Mindfulness could help us unlearn fear
Throughout evolutionary history, fear has helped humans stay safe and thrive. But in the modern world, many fear responses — such as phobias — are, at best, unhelpful and, at worst, debilitating. Yet, accumulating evidence shows that mindfulness practice could help us unlearn these responses.
The practice of mindfulness — the purpose of which is to help an individual focus on stimuli occurring in the present moment — is gaining momentum across countries and cultures.
Anecdotal evidence suggests that mindfulness can help people feel calmer, more serene, and more motivated in their day-to-day life.
And the findings of an increasing number of studies are now backing up that evidence, indicating that mindfulness practice can bring real benefits for physical and, especially, mental health.
Studies covered by Medical News Today last year linked mindfulness to better blood pressure control and improved effectiveness of opioid use disorder treatments. Previous research has also suggested that mindfulness may help lower symptoms of depression and anxiety.

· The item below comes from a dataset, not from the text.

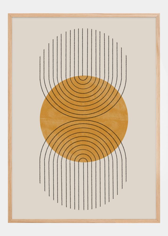Denna konstfulla poster presenterar en stark visuell komposition genom att placera en mättad, gyllene gul cirkelform i mitten omgiven av vertikala svarta linjer som skapar en optisk illusion av expansion och sammandragning. De koncentriska cirklarna inom den gula formen lägger till en känsla av djup och ger en organisk kvalitet till det annars strikt geometriska mönstret.
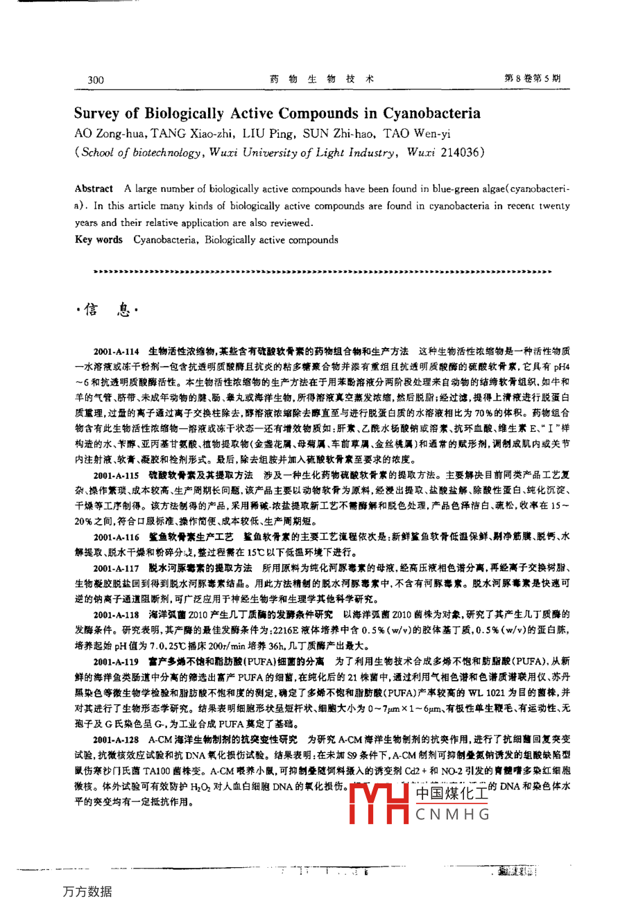 藥物生物技術(shù)Pharmaceutical Biotechnology 2001, 8(5): 296-300藍(lán)藻中生物活性物質(zhì)的研究概況敖宗華,湯曉智,劉萍,孫志浩,陶文沂(無錫輕工大學(xué)生物工程學(xué)院,無錫214036)要藍(lán)藻中含有大量的生物活性物質(zhì)。文章綜述了近20年來從藍(lán)藻中發(fā)現(xiàn)的各種生物活性物質(zhì)以及它們可能的相關(guān)應(yīng)用。關(guān)鍵詞藍(lán)藻;生物活性物質(zhì)中圖分類號(hào):S55+,6文獻(xiàn)標(biāo)識(shí)碼:A文章編號(hào):1005-8915(2001)05029605藍(lán)藻是一類古老的生物,早在30~40億年前,它是和釋放到周圍水中在世界范圍內(nèi)引起野生和家畜間歇性的細(xì)菌同時(shí)形成的。藍(lán)藻除具有自養(yǎng)性生活方式而歸并于紅但又是重復(fù)性的中毒致死。人們伙用或接觸到含有一定含藻、褐藻或綠藻等藻類此外幾乎無任何理由稱之為藻類。量毒素的水時(shí),可引起肝損傷胃腸炎、腹瀉、皮炎等2從細(xì)胞學(xué)觀點(diǎn)加以考慮,實(shí)際上它與細(xì)茵更為接近,它具有隨譽(yù)水體富營養(yǎng)化程度的提高,大量水華出現(xiàn),毒爆發(fā)流70S核糖體和含有胞壁質(zhì)的細(xì)胞壁并缺乏真正的細(xì)胞核。行,對(duì)人們的健康造成極大的威脅藍(lán)藻在地球上分布廣泛,無論在水體表面還是水體底藍(lán)藻的幾個(gè)屬能夠產(chǎn)生毒性次生代謝產(chǎn)物,它們可以層無論是湖沼中還是海洋內(nèi)皆有藍(lán)藻分布。藍(lán)藻極能耐歸納為兩類:一類為肽類肝毒素,包括七肽微囊藻毒京(受干燥、強(qiáng)的離子濃度改變、有機(jī)物分解過多而產(chǎn)生的物 crocystins, MCYST)、五肽節(jié)球藻素( nodularins)和motp質(zhì)、缺氧、溫度改變以及缺乏光照等不良的環(huán)境條件。水域un(3)。這些肽類毒素以不可逆轉(zhuǎn)的方式抑制蛋白磷酸酶中含氮和含彈化合物的增多通過異養(yǎng)作用導(dǎo)致水域變淺、的活性導(dǎo)致許多細(xì)胞機(jī)制發(fā)生紊亂,基于它們的生化作用變暖,以及死亡的有機(jī)體增加均構(gòu)成了利于藍(lán)藻大量繁殖方式,證明這些復(fù)合物具有癌促進(jìn)活性4。另一類為神經(jīng)的先決條件,從而形成了所謂的“水華"( waterbloom)。藍(lán)毒素,包括鈉通道阻斷劑蛤蚌寰( Saxitoxin)及其類似藻中的大部分種屬都可形成水華。物5后奕觸神經(jīng)肌肉阻斷因子類毒素a( anatoxin-a)和高藍(lán)藻在水中大量繁殖后,往往被風(fēng)吹至岸邊,從而使人類毒素( hotmaanatoxin-a)、有機(jī)磷膽堿降抑制類毒素類和牲畜可能與之接觸。早在1878年在溴大利亞就有有46。肝毒素代表為微囊藻毒素,神經(jīng)毒主要為魚腿藻毒毒藍(lán)藻致大量牲畜中毒的報(bào)道。藍(lán)藻中的有毒成分可導(dǎo)致紫大批牲畜、魚類和水鳥死亡,對(duì)人類亦有毒害作用。微囊藻毒素( microcystins)是藍(lán)藻產(chǎn)生的主要毒素,也此外藍(lán)藻中還有許多其它的具有生物活性的物質(zhì)其是研究最清楚的毒素,主要由 Microcystis, Anabaena,№中不乏在藥理上極具潛在價(jià)值的化合物toe, Oscillatoria等屬產(chǎn)生,結(jié)構(gòu)為一組環(huán)7肽復(fù)合物,相對(duì)分子質(zhì)量為100左右微囊藻事宗在結(jié)構(gòu)上不是很保守,1藍(lán)新親常在2位和4位的氨基酸位置和脫甲基或乙酰化氨基酸殘?jiān)谒械牡孱愔卸拘宰顝?qiáng)污染范圍最廣最嚴(yán)重基上發(fā)生變異。自從Bisp(1959)首次從 Microcystis為藍(lán)藻門。但也并不是所有的藍(lán)藻都是產(chǎn)毒的,目前肯 aruginosa中分離出肽類肝毒素以來,目前已鑒定有近的定有毒的藻類有銅銹微囊藻( Microcystis aeruginos)水華個(gè)微囊藻毒素變式,其中絕大多數(shù)具有較高毒性。在微囊魚腥藻( Anabaena ftos-aquae)、水華東絲藻( Athan·藻毒京的許多變式中存在最普遵含量相對(duì)較多毒性較zomenon fuas-aquae)阿氏顫藻( Oscillatoria agardh)、泡沫大的是微囊藻毒京 MCYST-LR, MCYST-RR和 MCYST節(jié)球藻( Nodularia spumigena)等。這些產(chǎn)毒藻類并不只產(chǎn)YR,LR、Y分別代表可變氨基酸為亮氨酸、精氨酸、酪氨生一種毒素,有時(shí)一種藻類含幾種毒素1。這些藻類在夏酸結(jié)構(gòu)式中Adda(3氨基9甲氧基2,2,6三甲基10苯秋季形成的水華中大量存在藻類死亡后將細(xì)胞內(nèi)的毒素基4,6二烯酸)對(duì)毒素的生物活性有很大影響,研究發(fā)現(xiàn),收稿日期:20001010基金項(xiàng)目:江蘇省社會(huì)發(fā)展項(xiàng)目作者簡介:湯曉智(1977年生),男(漢族)陜西漢中人,無錫輕工rYH中國煤化工CNMHG教宗華等:藍(lán)藻中生物活性物質(zhì)的研充慨況去除Ada后毒素毒性降低,證明Adda對(duì)微囊藻毒素的活 Rinehart等(1981)發(fā)現(xiàn)他們所篩選出來的藍(lán)藻培養(yǎng)物的提性是必藩的取物中,5%以上的都具有抗皰疹Ⅱ型病毒活性.另外也育魚邊藻毒素a( anatoxin a),它是相對(duì)分予質(zhì)量為1665%以上的具有抗呼吸道合胞病毒的活性1。La等的仲胺,結(jié)構(gòu)為帶鳥嘌呤的有機(jī)磷酸酯是最強(qiáng)烈的煙酰乙(1993)也對(duì)900株藍(lán)藻提墳物進(jìn)行了鳥類成髓細(xì)胞反轉(zhuǎn)錄酰膽堿受體拮抗劑,作為奕觸后去極化神經(jīng)肌肉阻斷劑,致酶病毒和人免疫缺陷病毒1型抑制實(shí)驗(yàn),發(fā)現(xiàn)2%以上的使呼吸停滯,動(dòng)物在幾分鐘內(nèi)死亡。小鼠LD0為250g/藻類具有預(yù)期的活性l。 Mundt s(1997)從15

Now, a study from the University of Southern Denmark in Odense, Uppsala and Lund Universities in Sweden, Peking University in Beijing, China, and Icahn School of Medicine at Mount Sinai in New York City, NY has found evidence that mindfulness could help people unlearn their fear responses.
While fear has had a positive role in human evolution, helping our ancestors steer clear of dangerous situations, nowadays, many people experience learned fear responses that are unhelpful and counterproductive.
Examples of such fear responses include phobias, such as the fear of flying, which are very difficult to eradicate once they take root.
But the current research suggests that people who practice mindfulness long term find it easier to unlearn fear responses — and remain fear-free — as the study paper from Nature Scientific Reports explains.
To find out whether mindfulness could really help people unlearn fear responses, the researchers recruited 26 healthy participants, whom they randomly split into two groups.
Volunteers from one group received daily mindfulness training for 4 weeks through a popular mindfulness app. By contrast, those from the other group received no such training, thus making up the control cohort.
At the end of the 4 weeks, all the volunteers agreed to undertake an experiment that the researchers conducted over 2 days.
On the first day, the participants learned a fear response by watching a slideshow of images. As particular images came up on the screen, they also received mild electric shocks. Thus, they learned to associate the unpleasant shocks with the images, and so, whenever they came up, the participants would experience increased sweating, a mark of the fight or flight response.
Once they had taught the participants this association, the researchers then proceeded to extinguish this reaction. They did this by repeatedly showing the volunteers the same set of images, but this time without delivering any electric shocks.
The researchers wanted to find out in which of the participants — if any — the unlearning (or extinction learning) of the fear response would stick, since, they explain, the fearful associations typically tend to return very quickly.
On day two of the experiment, the investigators sat all the participants down to view the same slideshow and hooked them up to the device they used to deliver electric shocks — without, however, delivering any shocks to the volunteers.
The researchers found that the participants who had received mindfulness training did not experience a fear reaction when they viewed the pictures with which they had previously formed unpleasant associations.
In the participants who had not received mindfulness training, however, the fear responses made a comeback, as demonstrated by skin conductance measurements that assessed physiological markers of psychological arousal.
Thanks to the study findings, says first author Johannes Björkstrand, Ph.D., “[w]e can show that mindfulness does not only have an effect on subjective experiences of negative emotions, as has been shown previously, but that you can actual see clear effects on autonomic arousal responses, even with a limited amount of training.”
“It is also interesting that the intervention appears to have a specific effect on extinction retention, which is in line with previous brain imaging studies on mindfulness, and also has some implications for how these types of interventions could be used to treat anxiety-related problems in a clinical context.”
Johannes Björkstrand, Ph.D.
Björkstrand argues that adding mindfulness therapy to exposure therapy — which people typically use to help others overcome phobias — could boost its effectiveness.
“Our results suggest that if you combine mindfulness training with exposure therapy, maybe you can achieve larger and longer lasting treatment effects,” he says.
For now, the research team is seeking to confirm their results by repeating the experiments with a larger cohort of volunteers.
“We are currently repeating the experiment with twice the number of participants, and the whole thing is carried out inside an fMRI-scanner equipped with an extra strong electromagnetic field so that we can measure their brain activity to a high degree of precision throughout all parts of the experiment,” says the study’s senior author, associate professor Ulrich Kirk.
“We hope to show that the effect is robust and that we can replicate the current findings, and also say what processes in the brain are involved in producing these effects,” Kirk adds.